Low friction coatings typically have coefficients of friction varying from 0.05 – 0.2. This depends on the type of coating used and the load/speed involved. PTFE has the lowest coefficient of friction of any solid material.

Low friction should not be confused with non-stick. Friction and release are very different and a coating that provides good low friction properties would not necessarily be a good choice if non-stick properties were required and vice versa. Friction is a force resisting the movement of two objects sliding against each other. This force results in wear and the increased use of energy to maintain or start the movement.

We also need to consider two distinct types of friction, which are static and dynamic friction. Static friction is the force resisting initial movement of a static object. Dynamic or kinetic friction is the force resisting objects that are moving against each other. Static friction values are generally higher than dynamic friction values.

The load and speed involved are two very important factors. Each value or the combination of the two can have a significant effect on our selection of the correct system.

low friction ptfe coatings

As friction increases, the amount of energy required to maintain the process also increases. Wear also increases, which could lead to potential seizure or destruction of the mating surfaces.

The frictional force generated between threads on large nuts and stud bolts is hugely variable due to geometry and engineering tolerances. A PTFE coating such as Xylan® 1070 will significantly reduce the amount of make-up torque lost to friction so that a much more accurate and predictable clamping load can be applied.

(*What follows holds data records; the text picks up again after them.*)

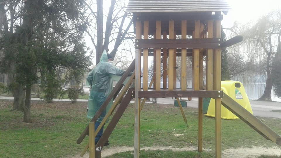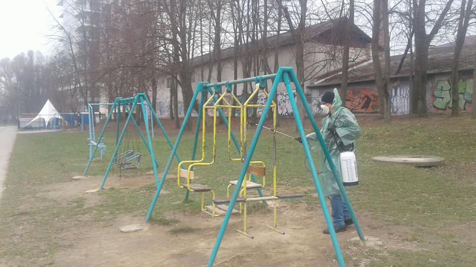 У франківському парку дезінфікують лавки та гойдалки (ФОТО)
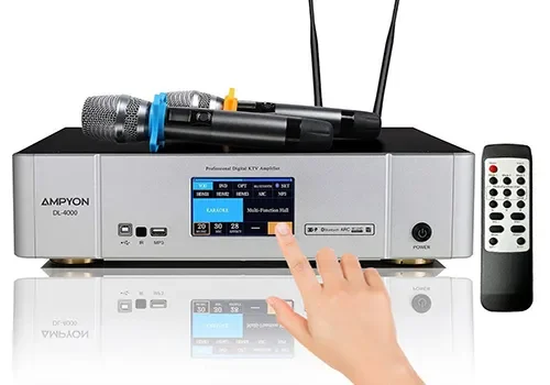The Ampyon DL-4000 is a next-generation digital karaoke amplifier combining power, precision, and convenience. Featuring a 5-inch LCD touchscreen, it offers intuitive control over every sound setting. This three-in-one design integrates a digital processor, amplifier, and UHF wireless microphone system, delivering clear, professional sound in any environment.
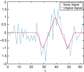 Figure 4: Noisy versus original input signal (standard deviation of GWN=0.4).
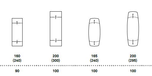 * mizna plošča v pravokotni obliki in pravokotna mizna plošča z zaobljenimi robovi
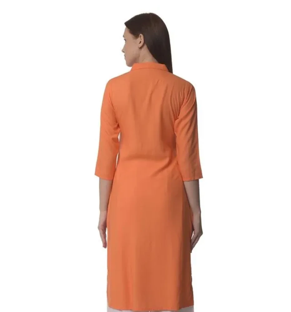 The classic Orange color and straight silhouette lend a versatile charm that effortlessly transitions from day to evening. Designed with a stylish shirt collar, this knee-length kurta offers a polished look that is both chic and comfortable.
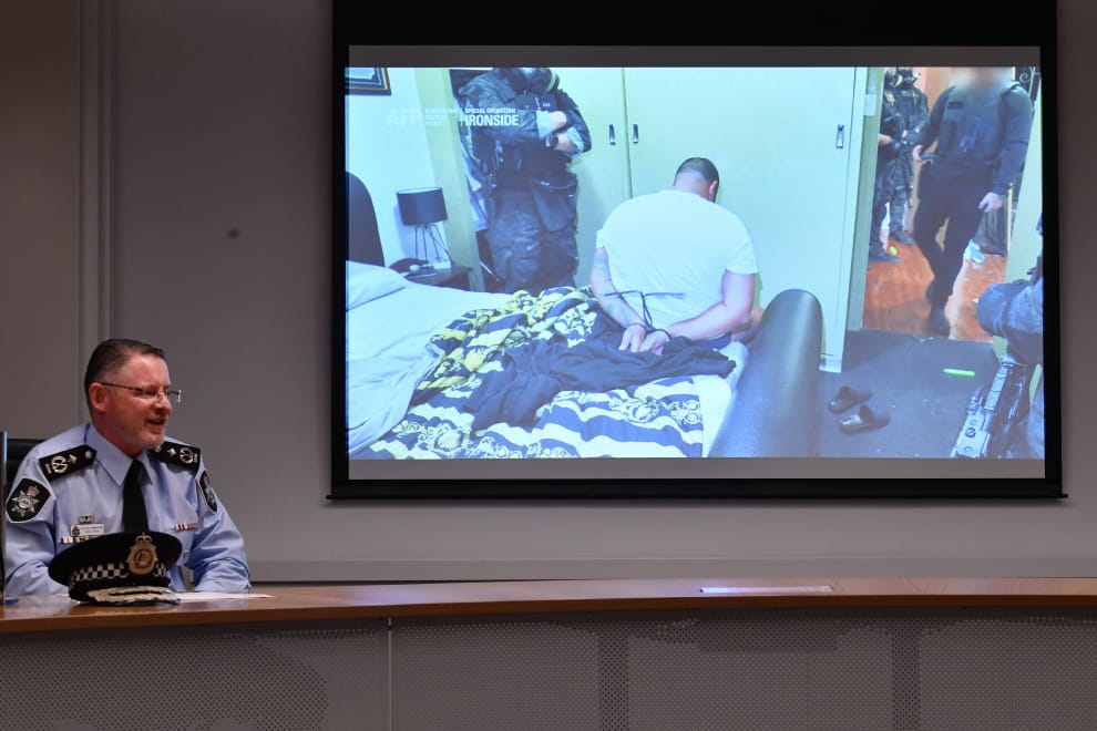 澳洲聯邦警察副局長萊恩(Nigel Ryan)在記者會上進行成果簡報,投影幕上顯示的是逮捕罪犯的影像紀錄。
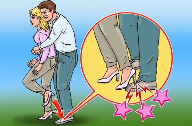 Trong đêm tối, nếu như bạn đi một mình và phát hiện bị tấn công từ phía sau. Chắc chắn trong tình huống này bạn sẽ cảm thấy sợ hãi. Nhưng nếu ai đó ôm cổ bạn từ phía sau, đe dọa, bạn hãy giẫm vào chân của kẻ tấn công. Bạn hãy dồn toàn lực để giẫm lên ngón chân để nó nứt gãy và kẻ xấu sẽ khó truy đuổi theo bạn.
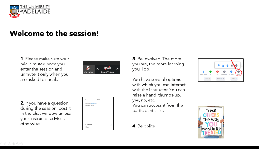 At Adelaide University we have developed a range of resources that will take the academic from the basics of downloading zoom to their computer to being able to proficiently place students into virtual breakout classrooms here. I know many other Universities also have good resources, like this one from UQ. We recommend the following:

Low friction coatings are available in a wide variety of options, depending on the application. Whitford have a very wide range of low friction coatings from the Xylan range. Ratios of fluoropolymer to resin can be varied to give different values. The ratio of resin to fluoropolymer can be increased to give varying degrees of hardness and increased wear resistance, although a minor increase in the coefficient of friction will be seen due to a slight dilution of the fluoropolymer content. Conversely, an increased PTFE content and a lower resin content can reduce friction values, although wear resistance may be reduced due to the fact that the coating will be very slightly softer.

In situations where additional dry lubrication is required, additives such as MoS2 (molybdenum disulfide) or graphite are added to provide exceptional bearing properties. One particular Xylan coating with an MoS2 additive can provide low speed lubrication at pressures of up to 10,500 kg/cm² (150,000psi).

Long periods of inactivity between two mating parts can generate very high static friction coefficients and a coating will not only reduce these forces but the additional non-stick properties of fluoropolymer coatings will prevent any foreign substances permanently adhering to the surfaces.

Low friction coatings are also available that have been specially formulated for application to substrate materials that are flexible or sensitive to elevated curing temperatures. Friction values can be dramatically reduced with rubber and elastomer substrates. Almost all car door and window seals are coated to allow free running of the window against the seal and also to reduce the effect of ice build up.